Auntie Beers is an amalgam of tales told to the author by her mother, as well as a mystery that she couldn’t resist sharing.

Witty, raw and often poignant, these are tales for the ages by one of Canada’s leading modern authors.

Excerpt: She Died as She Lived

Auntie Beers 1960-1965

Urbston (near Toronto, Ontario)

If only the bullet had veered to the left just a smidge, our great-aunt would have been awarded the “longest-to-have-been-a-resident-of-the-Queen’s-Hotel.”

The very next week, Stu Burnside received the honor instead. It included a case of beer and a gift certificate to Perk’s Family Restaurant, both of which Auntie Beers would have appreciated.
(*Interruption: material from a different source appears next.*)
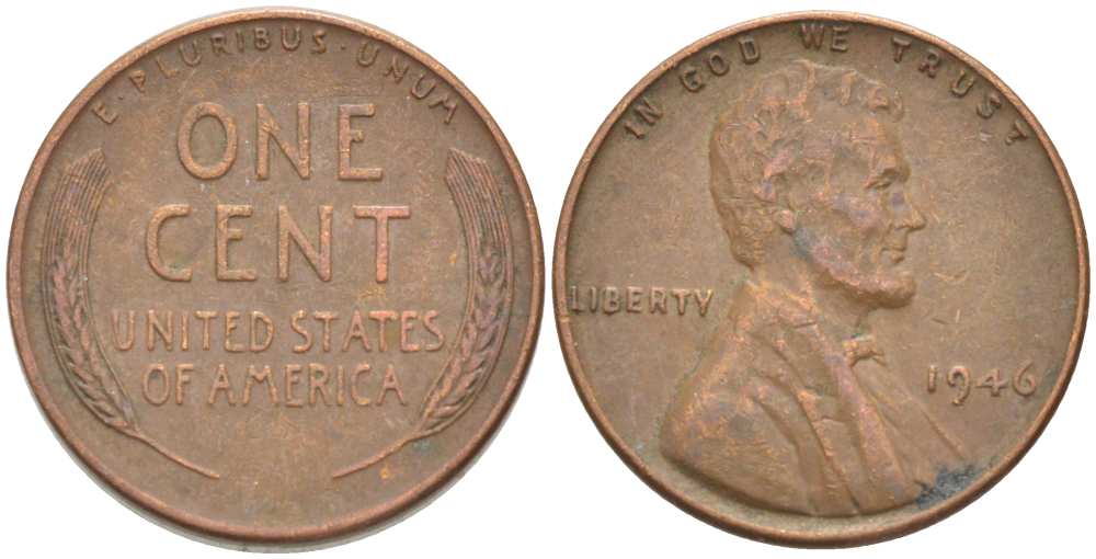 США 1 ЦЕНТ 1946 ЛИНКОЛЬН KM А132 медь цинк 218-939
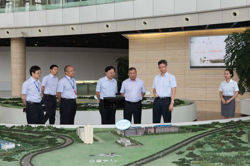 杨洪一行到达东方电气中央研究院后,首先参观了科技展示厅,王为民向杨洪一行逐一介绍了展厅内东方电气集团自成立以来的重大研发成果、核心技术、重要产品,以及为我国工业发展作出的巨大贡献和辉煌历史。

Sitting here at my desk, I realize now that my great-aunt died the way she lived. Auntie Beers always stood in the middle of “if only/when” and “then.” Constantly revising the past in hopes for a different future.

“If only I had been born rich instead of the ravishing beauty that I am,” she cackled, tossing a cigarette butt over the porch.

“When I get that job, I plan to lord it over the rest of you,” she declared, dressed in a business suit destined to hang in her closet from that day forth.

“When my mother dies, sorry to say but then I’ll be free.” A pause and a wink. “But not sorry.”

“If only the lads had had a brain, we’d’ve been landowners instead of farmhands,” was her critique of male choices in our family.

If only the bullet had veered to the left. When she got involved in a shooting match. Then she would have been Queen for A Day of the Queen’s Hotel.

From “She Died as She Lived”, Auntie Beers, Catherine Astolfo. Carrick Publishing, 2024


About the author: Catherine Astolfo is an award-winning author of mystery short stories and novels. She is a Derrick Murdoch award winner for service to Crime Writers of Canada and a Past President.

Catherine’s a member of Crime Writers of Canada, Sisters in Crime and The Mesdames of Mayhem.

Visit Catherine at her author page.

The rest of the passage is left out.